MATERIAL SHOWN Start Marker

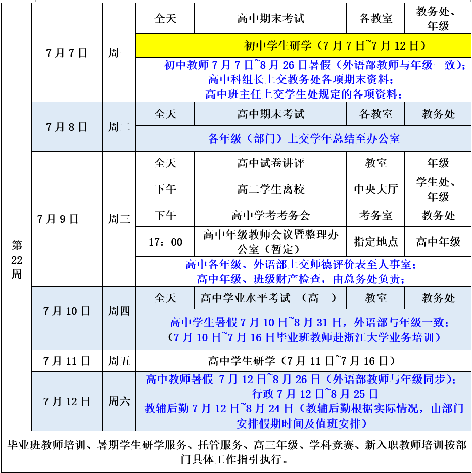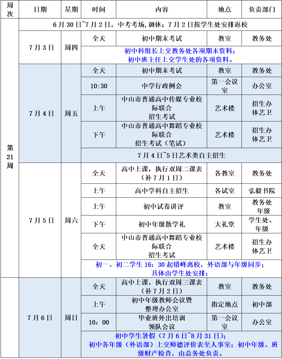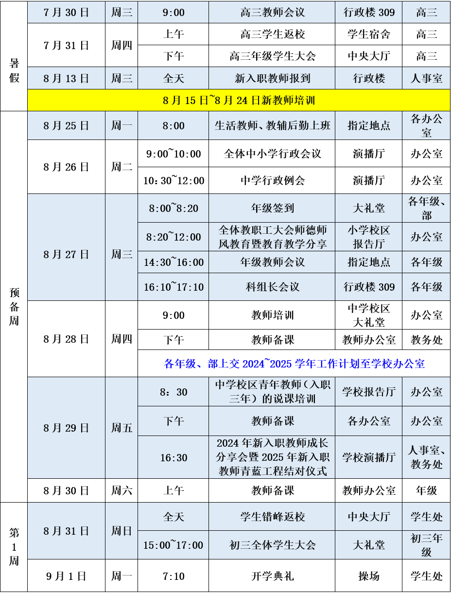 第二学期期末(2024~2025学期第20_21周)暨新学期预备周工作安排
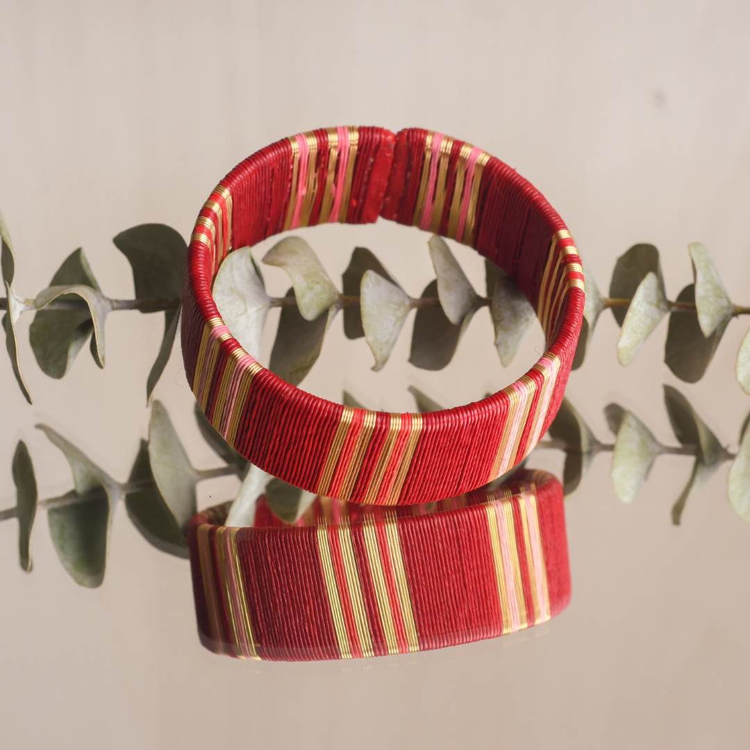 La Manchette Artisanal Rouge incarne la chaleur du soleil andin : rouge flamboyant ponctué de fibres dorés à l'or fin Motifs graphiques inspirés des fleurs tropicales, fabrication 100 % artisanale en Colombie. Ce bracelet manchette femme éthique rehausse une tenue black‑tie ou un tee‑shirt blanc avec la même intensité. Hypoallergénique, ajustable et livré dans un étui recyclé, il symbolise passion et engagement durable.
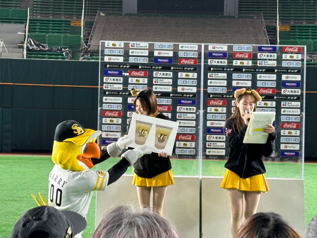 まずはハニーズをハリーホークがお出迎え!セレモニーでは、ハニーズが今季の推し商品・推しグルメを紹介し、グッズを着用してワンワンダンスを披露しましたよ!
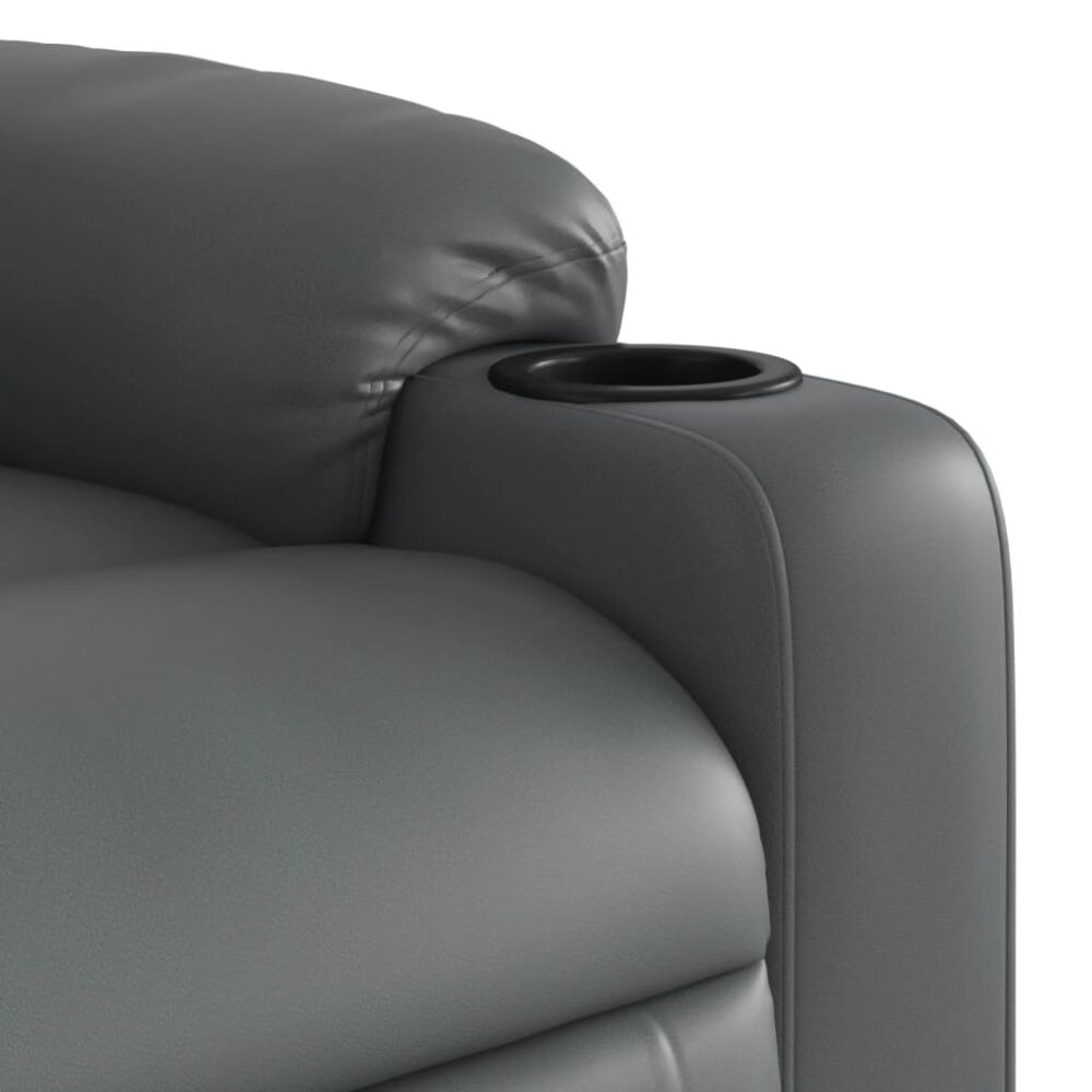 Poltrona massagens reclinável elevatória couro artif. cinzento - PORTES GRÁTIS
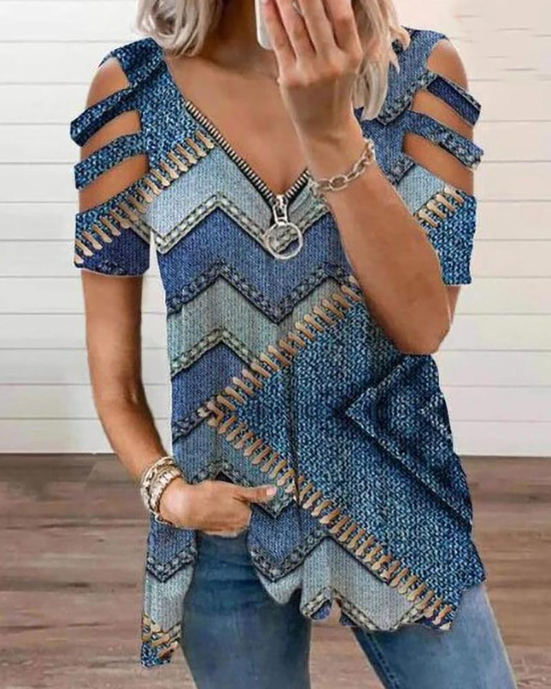 Style:Chic Type:Tee Material:95%Polyester,5%Elastane Neckline:Cold Shoulder,V-Neck Sleeve Style:Short Sleeve Length:Regular Pattern Type:All Over Print Decoration:Cutout,Zipper Fit Type:Regular Occasion:Daily Package Include:1*T-Shirt
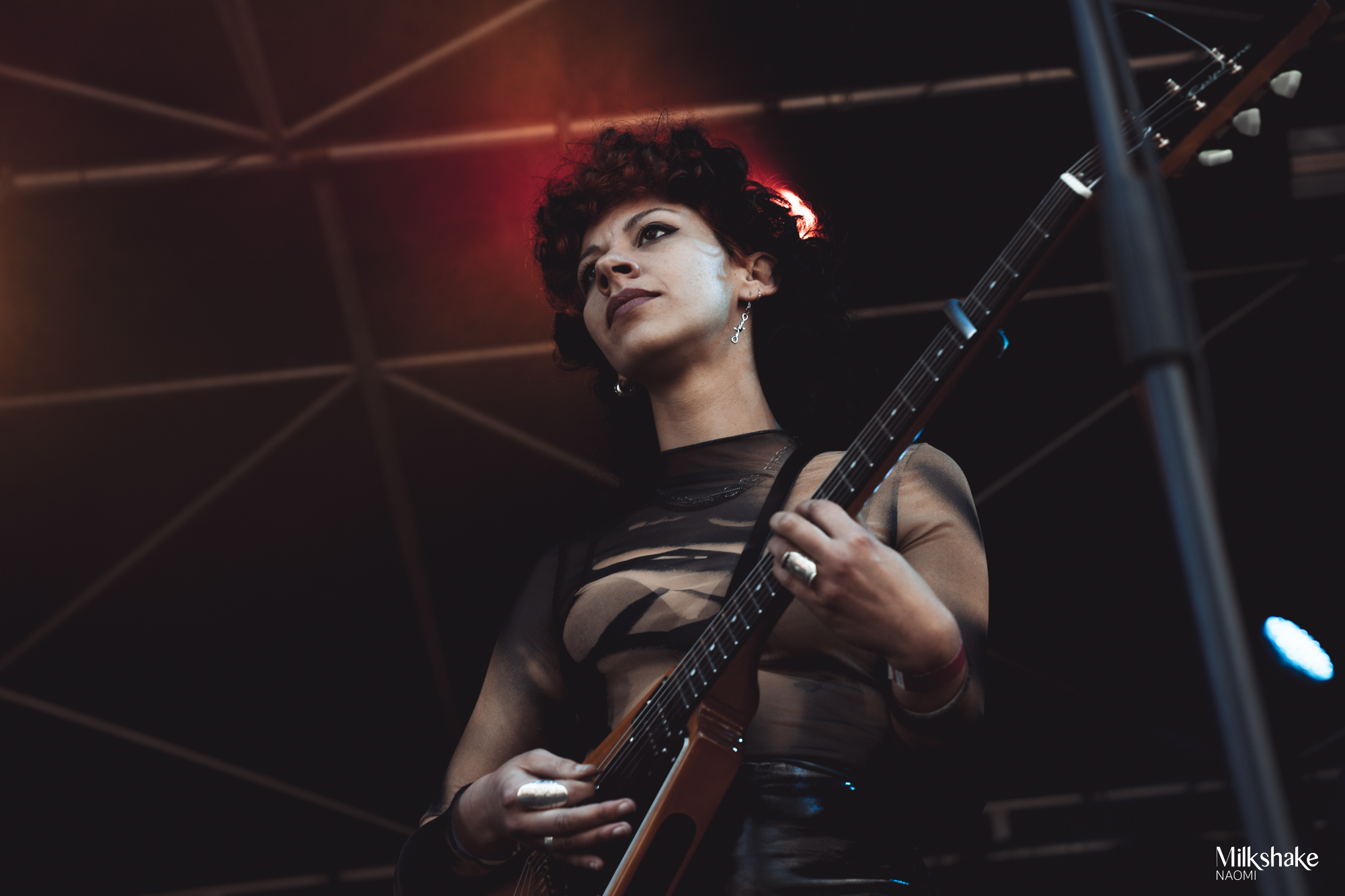 Le set se poursuit sans retour dans les oreillettes, et bien que quelques moments de décalage rythmique se fassent sentir, notamment lors de très brèves pauses pour réajuster le tempo, rien ne vient entacher l’enthousiasme du public. Un applaudissement particulier est mérité pour Eleni à la batterie, qui a dû jouer tout le set sans entendre autre chose que sa propre batterie, ainsi que pour le manager du groupe qui est resté à ses côtés, servant de métronome humain.
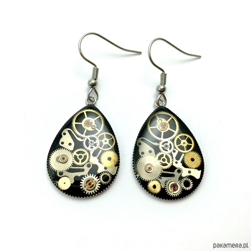 Przepiękne kolczyki, wykonane ręcznie z elementów starych zegarków zatopionych w żywicy. Każda para jest unikalna i niepowtarzalna.

MATERIAL SHOWN End Marker

**WHAT TO WORK ON:** In the records above, locate the line containing "Le set se poursuit", then copy exactly that line and every line after it through the end, omitting pictures.

**YOUR RESPONSE:**
 Le set se poursuit sans retour dans les oreillettes, et bien que quelques moments de décalage rythmique se fassent sentir, notamment lors de très brèves pauses pour réajuster le tempo, rien ne vient entacher l’enthousiasme du public. Un applaudissement particulier est mérité pour Eleni à la batterie, qui a dû jouer tout le set sans entendre autre chose que sa propre batterie, ainsi que pour le manager du groupe qui est resté à ses côtés, servant de métronome humain.
 Przepiękne kolczyki, wykonane ręcznie z elementów starych zegarków zatopionych w żywicy. Każda para jest unikalna i niepowtarzalna.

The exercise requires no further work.